Several locoregional flaps based on the distally based sural flap [1,9] have been introduced to reconstruct malleolar area defects, including the lateral retromalleolar flap [7], lateral supramalleolar flap [10], lateral calcaneal flap, and peroneal artery perforator flap [11,12]. Although distally based sural flaps have been commonly used for several decades, their complication rates have been reported to be relatively high. According to a meta-analysis, the success rate of unmodified distally based sural flap was reported to be 82% [4]. According to a systematic review of 61 papers, flap complications were recorded to occur in 26.4%, with venous insufficiency and increasing age being the independent risk factors [2]. Studies of 70 flaps in a multimorbid patient group showed a considerable necrosis rate of 36% and flap complication rate of 59% [13]. Many authors reported that the complication rate was significantly higher in old patients and those with systemic disease [13-16]. They therefore reported that refinements such as delay techniques or venous supercharging should be considered in high-risk groups [4,13,14].
In our cases, the mean age was 66.4 years old, and six out of nine patients (66.7%) were over 60 years old. Seven out of nine patients (77.8%) had one or more comorbidities, and four patients (44.4%) had two or more multiple comorbidities. However, there was not a single case of flap necrosis, and there was only one case of revision due to skin graft necrosis.
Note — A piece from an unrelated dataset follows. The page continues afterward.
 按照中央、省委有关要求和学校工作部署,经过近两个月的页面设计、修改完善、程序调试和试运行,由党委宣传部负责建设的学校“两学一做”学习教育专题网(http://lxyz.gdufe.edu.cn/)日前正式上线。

It is classically described that the peroneal perforators provide arterial supply to the distally based sural flap, and the most distal perforator is located 4 to 7 cm from the lateral malleolus. Therefore, most authors reported that the pivot point must be a minimum of approximately 5 cm proximal to the lateral malleolus [4,17-19]. However, some authors reported that peroneal perforators are at about 1 to 3 cm above the tip of the lateral malleolus [7,20], and using this perforator as a pedicle can lower the pivot point further and render the length of the flap shorter, thus reducing the risk of necrosis caused by a longer flap.
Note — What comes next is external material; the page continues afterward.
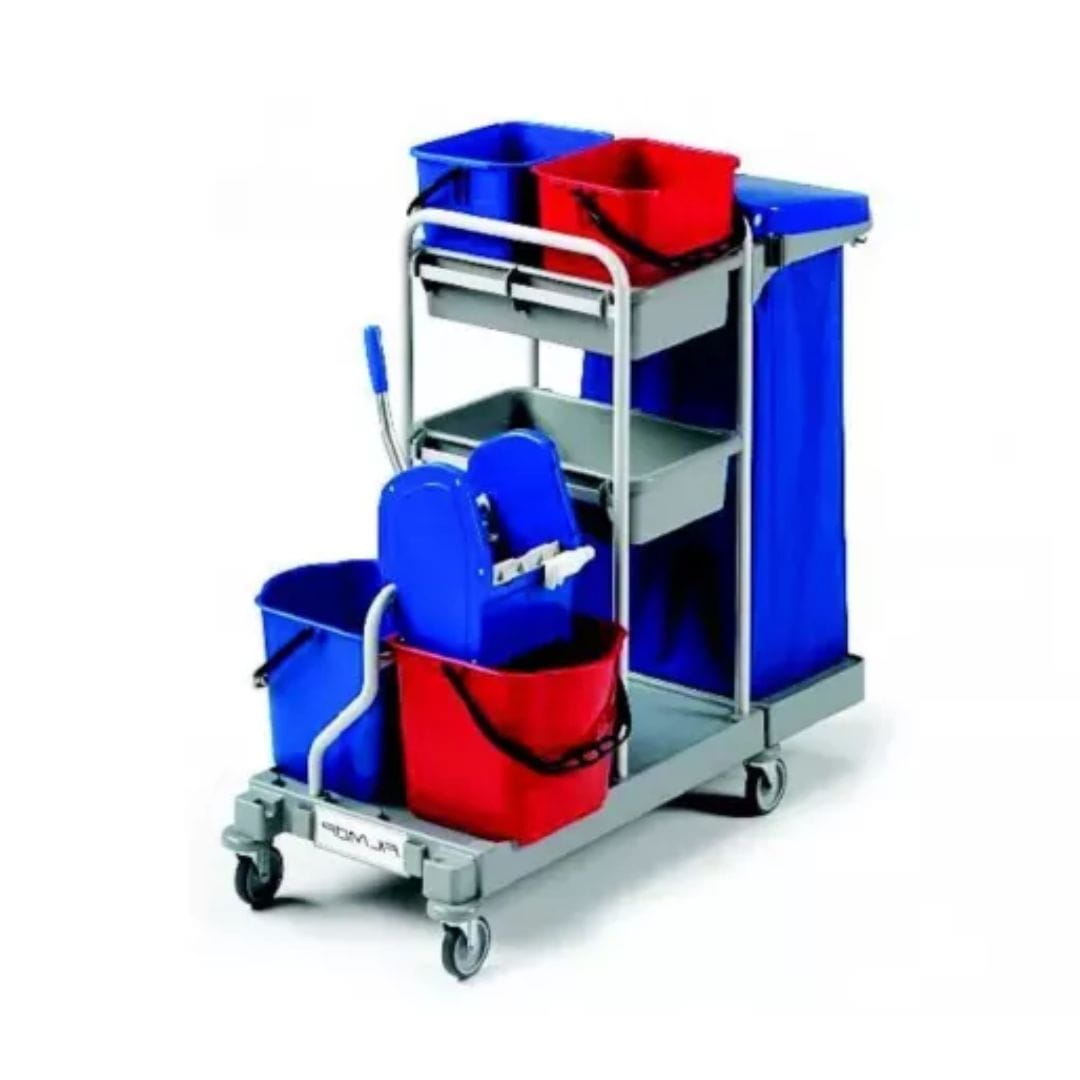 Wyposażony w plastikową podstawę z kołami o średnicy 100mm, 2 ramki, 2 kuwety, wiaderka plastikowe 2x6 l, wiaderka plastikowe 2x15 l z wyciskarką, uchwyt plastikowy na worek na śmieci 120 l z napinaczem i wzmocnieniami.

The authors confirmed the position of the peroneal perforator prior to surgery using a hand-held Doppler in all cases, and in one case with a possibility of vascular injury due to previous trauma, CT angiography was performed to confirm that the perforator was intact. In the authors’ study, the most distal perforator among the perforators found using preoperative Doppler was determined as the pivot point, and the location ranged from 3.5 to 4.0 cm from the tip of the lateral malleolus.
Comorbidities such as old age, smoking, diabetes, and peripheral artery occlusive disease are not contraindications to surgery, but patients with peroneal artery occlusion or direct injury are absolutely contraindicated from this surgical technique [4]. Therefore, patients with previous trauma history, or with diabetes or suspected arterial occlusion may need preoperative evaluation such as Doppler or CT angiography.
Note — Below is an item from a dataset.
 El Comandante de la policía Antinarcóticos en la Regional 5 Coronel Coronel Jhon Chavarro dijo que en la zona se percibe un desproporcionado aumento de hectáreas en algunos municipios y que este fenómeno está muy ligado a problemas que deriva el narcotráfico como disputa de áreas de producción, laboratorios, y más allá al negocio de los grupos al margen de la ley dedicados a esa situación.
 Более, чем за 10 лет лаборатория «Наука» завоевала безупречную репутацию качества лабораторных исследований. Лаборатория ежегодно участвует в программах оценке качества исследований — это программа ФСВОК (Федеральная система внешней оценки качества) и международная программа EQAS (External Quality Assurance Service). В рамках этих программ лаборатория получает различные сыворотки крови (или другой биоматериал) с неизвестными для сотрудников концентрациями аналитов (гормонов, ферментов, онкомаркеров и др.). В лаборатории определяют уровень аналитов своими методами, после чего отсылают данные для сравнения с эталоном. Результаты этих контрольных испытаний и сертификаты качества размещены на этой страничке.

Among the various methods for lower extremity reconstruction, the fasciocutaneous flap has a skin island and is therefore preferred for stable resurfacing of the defect, but the skin island must be precisely inset into the defect. Secondary debulking procedures are often necessary for patients to fit into shoes as fasciocutaneous flaps are usually large in volume [21]. The propeller flap is a local island fasciocutaneous flap based on a single dissected perforator to allow maximal arc of rotation. It can be rotated to any angle up to 180°, facilitating design and insetting [22]. However, although microanastomosis is not required, meticulous microdissection of the perforator is needed. In addition, since distally based propeller flaps are commonly used for distal lower leg reconstruction, when a skin graft is performed on a large-sized donor defect, the graft scar on the donor site located in the calf becomes more prominent, resulting in an aesthetically unpleasing result.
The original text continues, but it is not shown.